Key Features of AWS CLI:

1. Command automation: Write scripts to automate frequent AWS tasks.
2. Access to all services: Interact with any AWS service and manage resources from the command line.
3. Profile management: Manage multiple AWS accounts using different named profiles.
4. JSON and YAML output: Format CLI responses for better readability or integration with other tools.

Example Commands:

# List all S3 buckets in your account
aws s3 ls

# Describe EC2 instances in a specific region
aws ec2 describe-instances --region us-west-2

What’s the AWS SDK?

• AWS SDK (Software Development Kit) allows developers to interact with AWS services using various programming languages.
• Supports languages like Python (boto3), JavaScript (aws-sdk), Java, .NET, Ruby, PHP, and more.
• SDKs provide simplified APIs, making it easier to work with AWS services programmatically without dealing with low-level API calls.

Key Features of AWS SDK:

• API abstraction: Higher-level abstractions simplify complex operations like S3 object uploads or DynamoDB queries.
• Cross-service integration: SDKs help integrate multiple AWS services together within applications.
• Authentication: Easily manage credentials and authenticate requests using IAM roles or user access keys.
• Retry logic: Handles transient network issues with built-in retry logic.

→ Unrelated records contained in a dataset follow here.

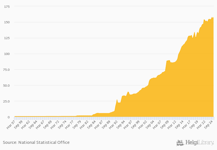 Historically, FX rate to USD at the end of period in Jamaica reached an all time high of 158 per USD in 3Q2024 and an all time low of 0.699 per USD in 4Q1957.
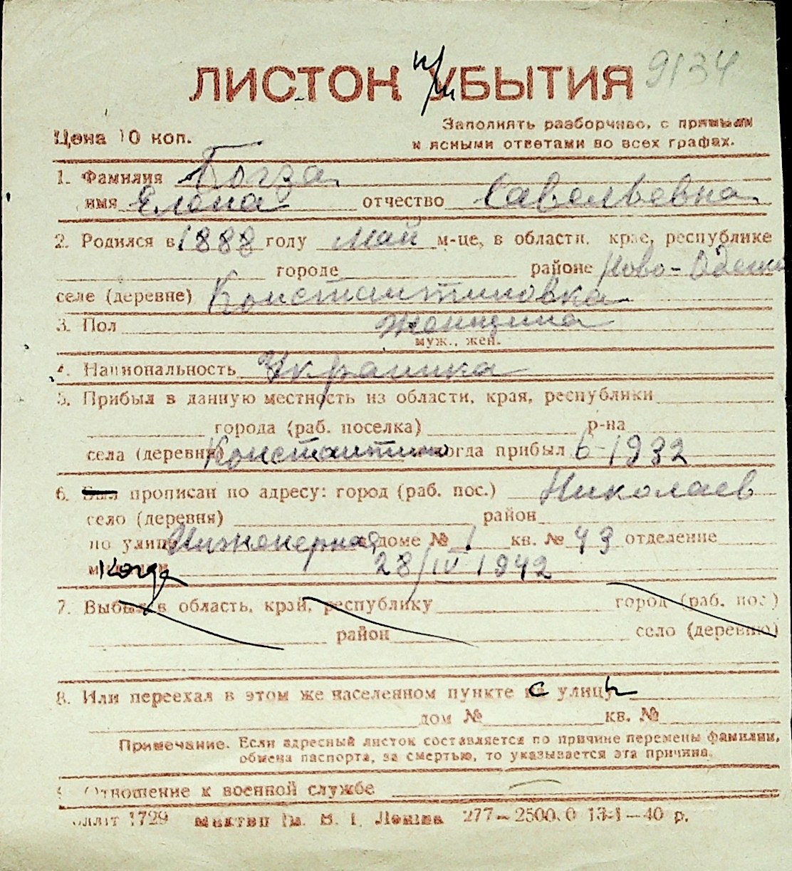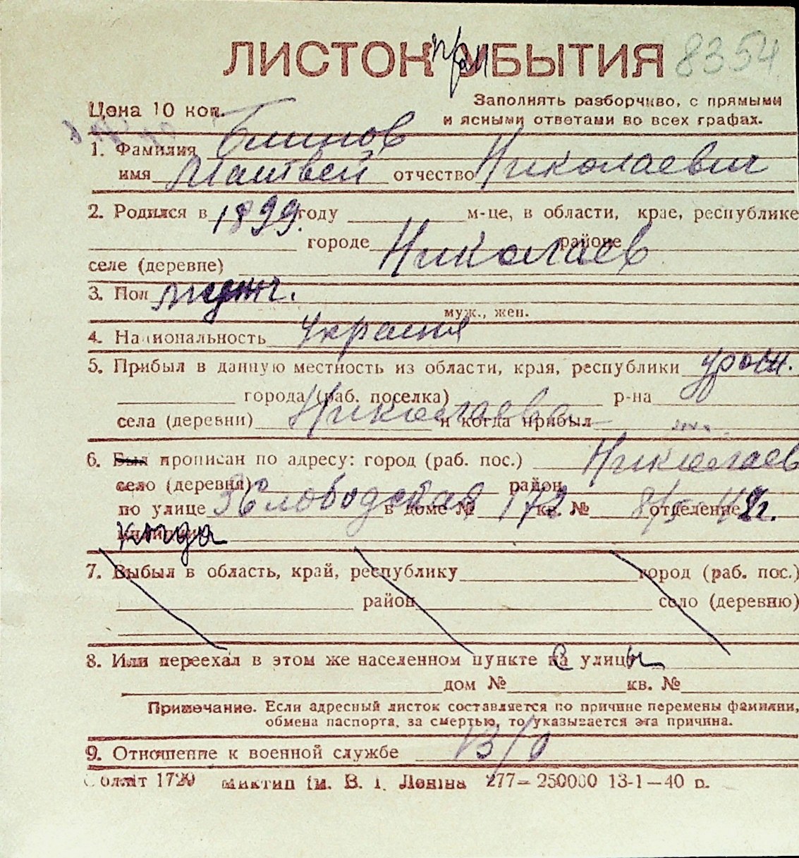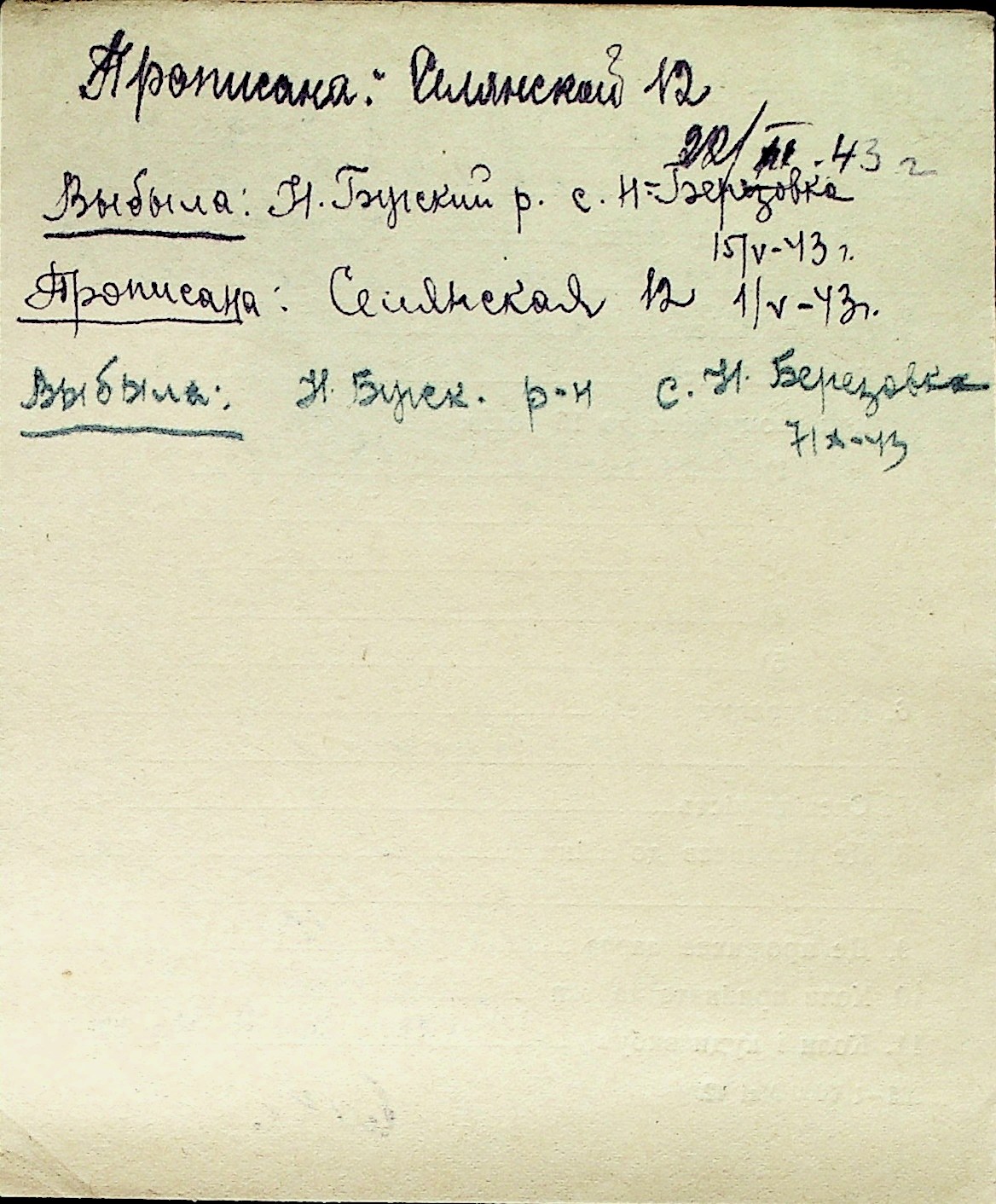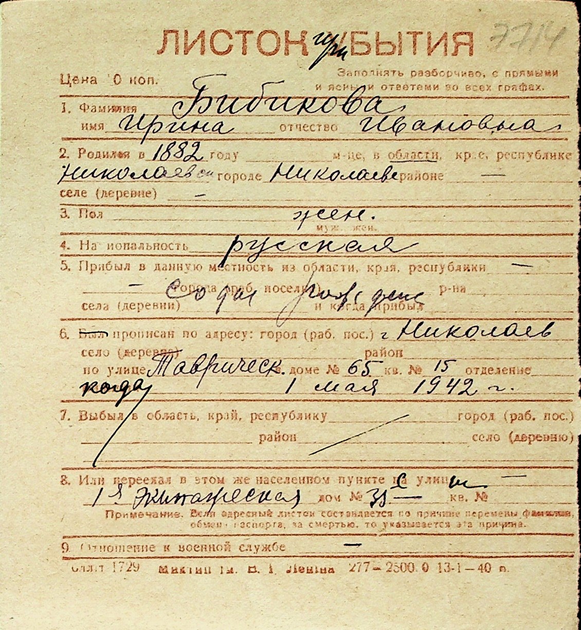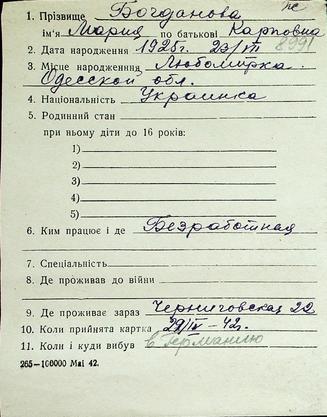 ◦ ◦ Перелік карток на осіб, які мешкали у м. Миколаїв у період окупації 1941–1944 років
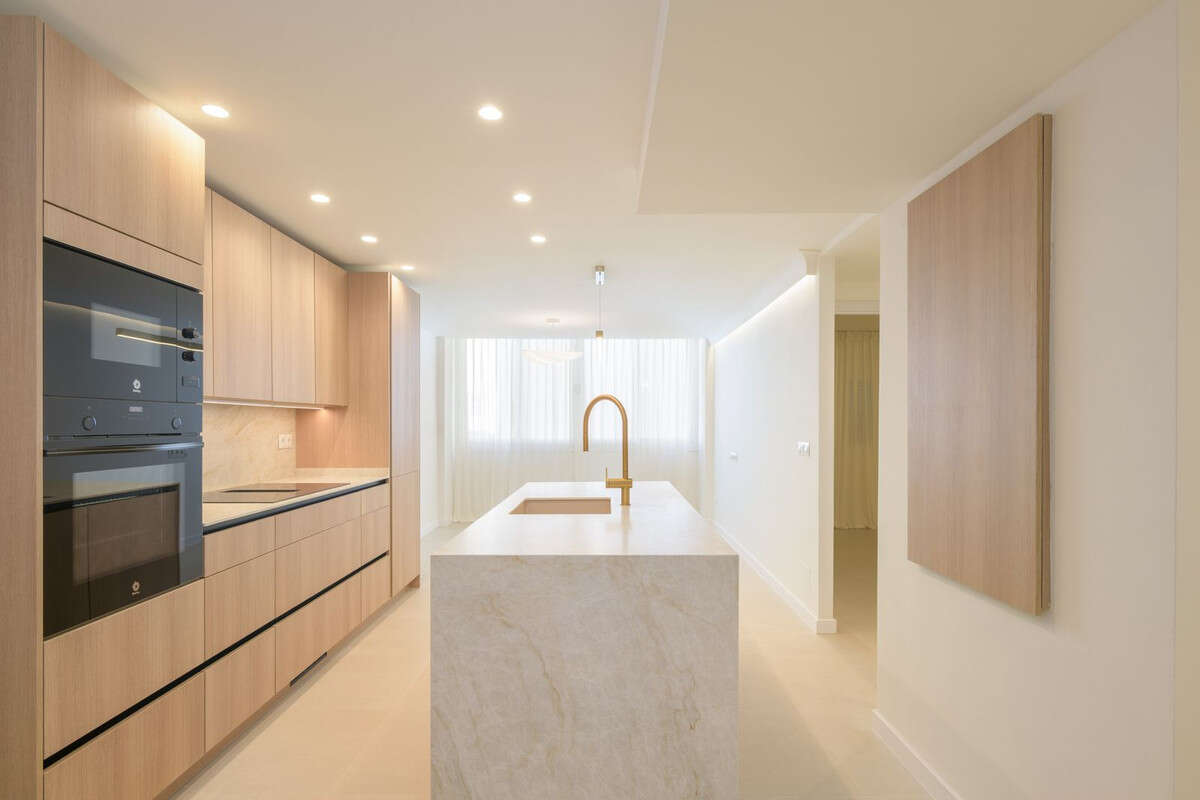 Kitchen open to the living room, creating an open-plan and very bright space, perfect for socializing and enjoying urban life.
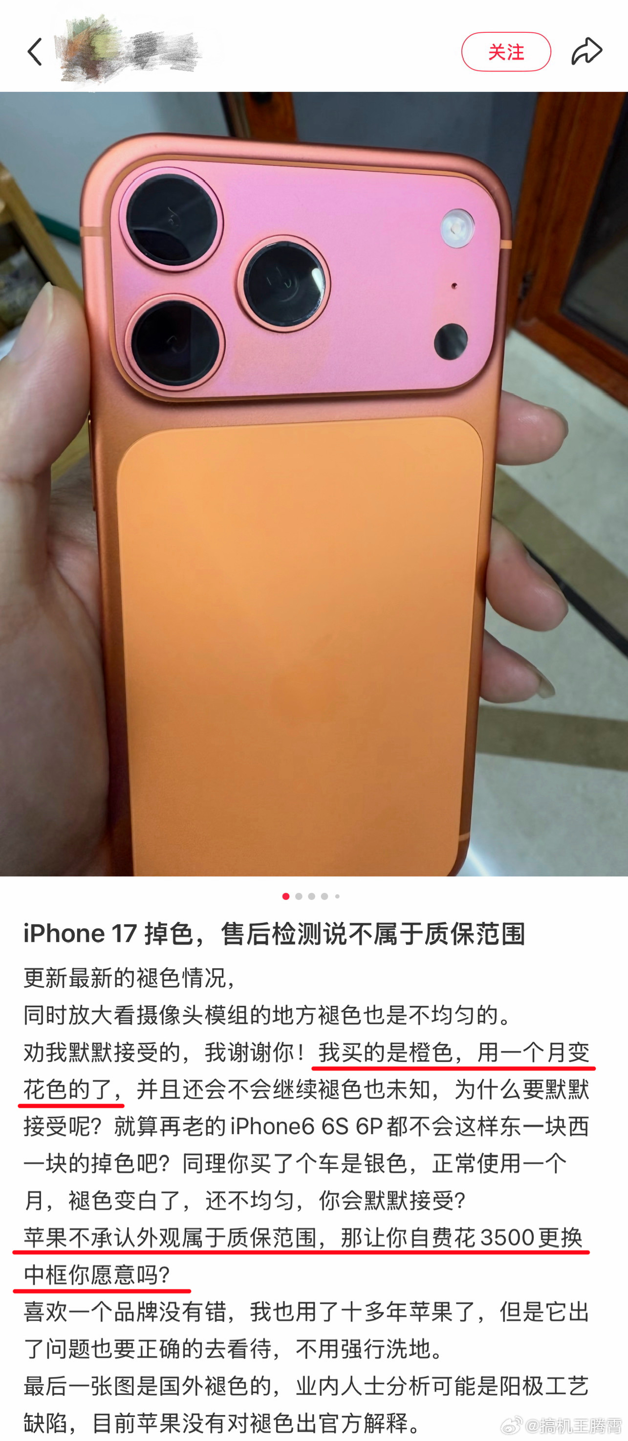 iPhone17只用一个月橙色变粉色这问题之前已经出现过很多例,主要区别在于碰上这问题的这个消费者才刚买一个月,星宇橙配色的iPhone17 Pro Max就开始掉色变粉,售后说不属于质保范围,让她花3500元重新换个中框,那我觉得就不是太合理了,毕竟不是个例,你们觉得这种情况果子应该售后吗?
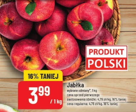 Jabłka wybrane odmiany*, 1kg cena sprzed pierwszego zastosowania obniżki: 4,79 zł/kg, 16% taniej cena regularna: 4,79 zł/kg, 16% taniej Świeże i soczyste jabłka to doskonały wybór na zdrową przekąskę, idealne do przygotowania kompotów, ciast czy aromatycznych soków – bogactwo witamin sprawia, że są niezastąpione w codziennej diecie. Wykorzystaj je do przygotowania pysznych deserów, dodaj do owsianki lub po prostu ciesz się ich naturalnym smakiem jako element zdrowego odżywiania i wsparcia odporności. Owoce te są cennym źródłem błonnika, wspomagającym trawienie i przyczyniającym się do lepszego samopoczucia, stanowiąc podstawę zdrowej kuchni.
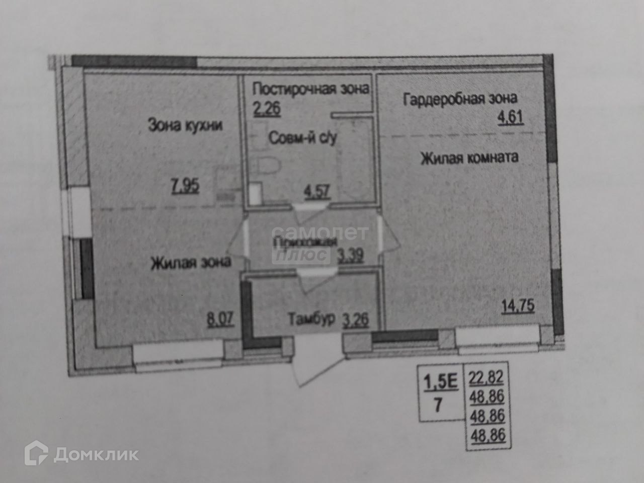 Общая площадь 48.86 м2
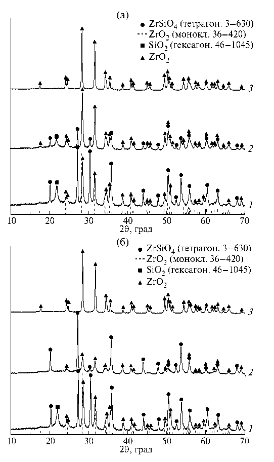 Рис. 9. Рентгеновские дифрактограммы порошков (1–х)ZrSiO₄–хZrO₂, где х = 0.0(1); 0.5(2); 1.0(3), после термообработки при 1300°C 24 ч: (а) ‒ соосаждение; (б) – в микрореакторе.
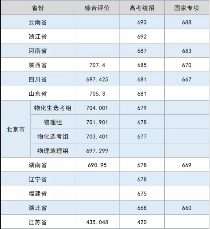 3、综合评价最低平均分在700分左右,综合评价成绩为:高考60%+校测30%+学业水平10%。
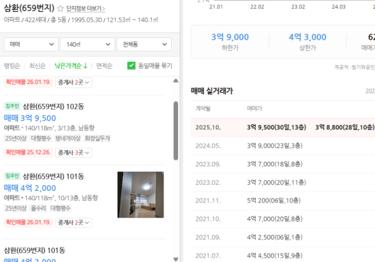 실거래 자료를 분석하면 동일 평형의 최근 거래는 2025년 10월 30일 13층이 3억 9,500만 원, 10월 28일 10층이 3억 8,800만 원에 거래되었습니다.

Example Usage (Python boto3 SDK):

import boto3

# Create an S3 client
s3 = boto3.client('s3')

# List all S3 buckets
response = s3.list_buckets()
print('S3 Buckets:', [bucket['Name'] for bucket in response['Buckets']])

IAM Section – Summary

• Users: Mapped to a physical user, has a username and password for AWS Management Console access.
• Groups: Contains users and allows applying common permissions to multiple users.
• Policies: JSON document that defines permissions for users, groups, or roles.
• Roles: Assign to AWS services (e.g., EC2, Lambda) for accessing other resources without credentials.
• Permissions: Allow or deny actions on AWS resources, defined using policies.
• MFA: Multi-Factor Authentication for an additional layer of security beyond username and password.
• Password Policy: Enforce password complexity, rotation, and reuse rules for IAM users.
• AWS CLI: Command-line tool to interact with AWS services and automate tasks.
• AWS SDK: Use programming languages (e.g., Python, JavaScript) to manage AWS services programmatically.
• Access Keys: Key pairs used to authenticate when accessing AWS using the CLI or SDK.
• Audit Tools: IAM Credential Report lists user credentials; Access Advisor shows service permissions usage.